About 2,800 years ago, people known as the Maya lived in farming villages on the Yucatan Peninsula and the highlands to the south. From about A.D. 250 to A.D. 900, they built city-states in Central America that included great pyramid temples and public plazas featuring huge stone columns that recounted their history. Excavations at Tikal, Guatemala, one of the greatest and oldest Maya centers, have revealed thousands of structures and artifacts. The findings include temples, pyramids, ball-playing courts, stone monuments, tools, ceremonial objects, and a great many pottery fragments.
The limestone of the Yucatan Peninsula was easily quarried and used for building and tool making. In the south, volcanoes stretched over the highlands and yielded valuable resources. The fertile volcanic soil allowed the people to grow crops.
Incan Civilization
Incan City Machu Picchu The Inca began settling in the Valley of Cuzco in the Andes Mountains of central Peru around the year 1200. Between 1440 and 1500, they expanded their empire until it extended nearly 2,500 miles from north to south and included as many as 16 million people. The lands they occupied included mountains, coastal desert, and low-lying jungle.

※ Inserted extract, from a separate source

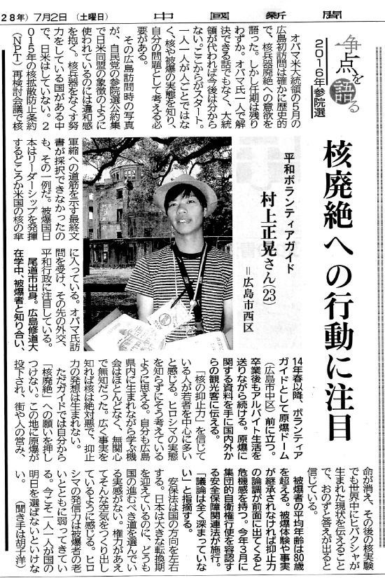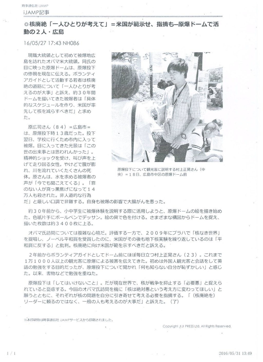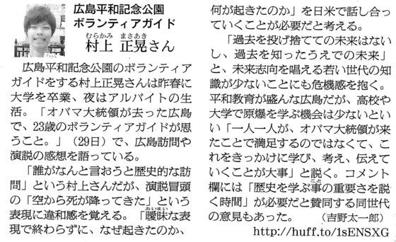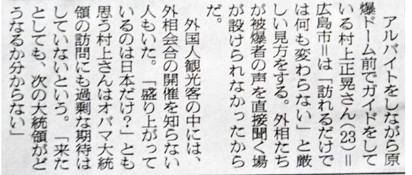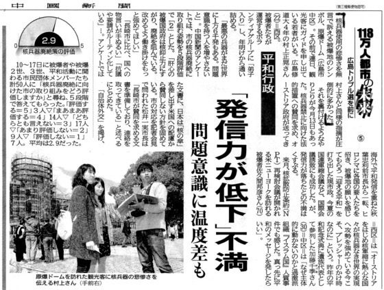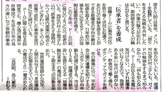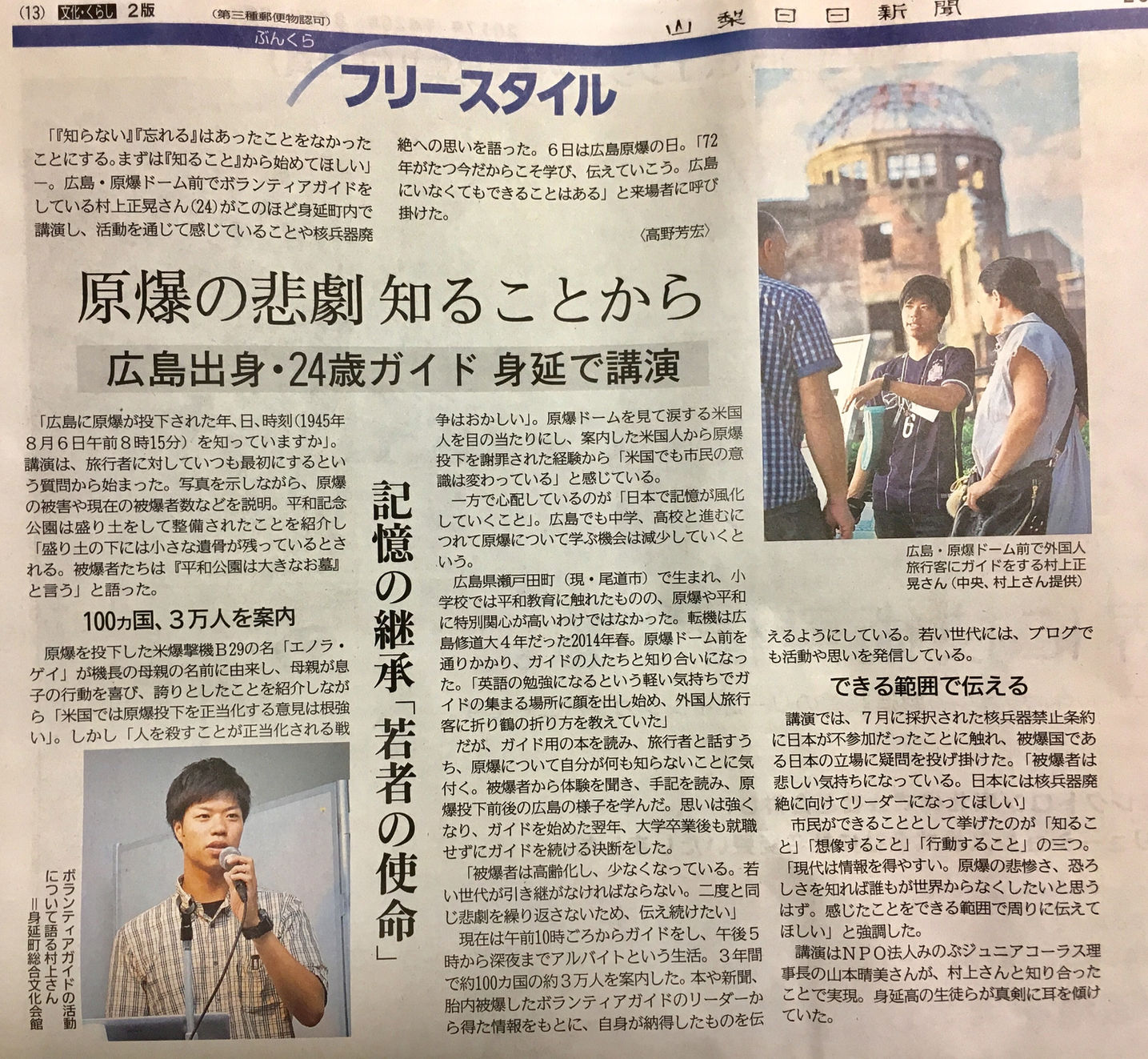 最初は観光客と折り鶴を折る活動をしていたが、その合間ガイドの方や被爆者の方の話を聞き、自分の無知を痛感し、そこから少しずつ勉強を始める。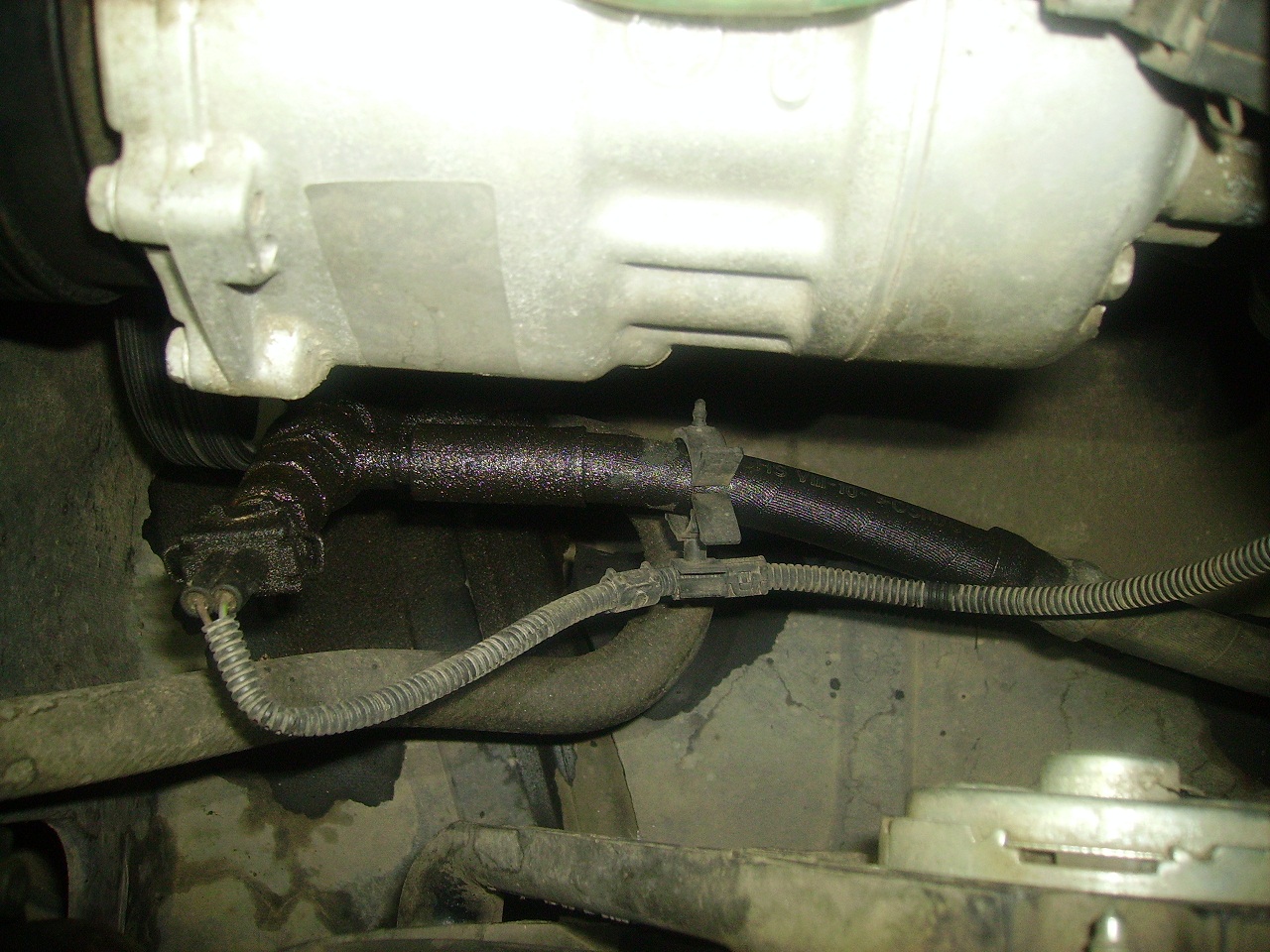 Това е маркуч за хидравликата на волана (серо-управлението). Вероятно проблема не е нито в маркуча, нито в съедининението, а в датчика над тях (в който се включва куплунга). Почисти всичко хубаво с обезмаслител и като запалиш колата, ще се види откъде точно тече. Ако е между маркуча и металната пресовка или между пресовката и тръбата,тогава сменяш маркуча с друг (опитват се да ги правят ама точно тези на Голф 4/А3/Сеатите и на А4/А6 трудно се получават както трябва). Ако тече между металната част на края на маркуча и съединението към хидравличната помпа - разглобява се и се сменят медните шайби (дихтунги) на сглобката. Ако тече от датчика - сменяш датчика.

The Incan central government at Cuzco maintained a strong military and passed laws to create official customs and an official language and calendar. The Inca engineered 14,000 miles of roads, including tunnels and bridges, and built the great fortress of Sacsahuaman. They also developed highly advanced terracing and irrigation methods to allow farming in difficult mountain terrain.
Aztec Civilization
Ceramic Eagle WarriorThe center of the Aztec civilization was in the Valley of Mexico, a huge high-elevation basin in the Sierra Madre Mountains. This valley had a mild climate that was good for agriculture. The surrounding lowlands offered a hotter, wetter tropical climate and an abundance of natural resources.
Around 1325, the Aztecs settled on an island in Lake Texcoco, where they built their capital and largest city, Tenochtitlán. They called themselves the Mexica (pronounced me-shee-ka) and became accomplished corn farmers, warriors, and temple builders. The ceramic shown here is one of a pair of life-size statues discovered during the recent excavation of the Great Temple of Tenochtitlán. The statues stood guard at the doorway of the meeting room of the Aztec warriors. The aggression and warrior skill of the Aztecs allowed them to conquer neighboring people. Eventually, the empire stretched over most of central Mexico and included millions of people.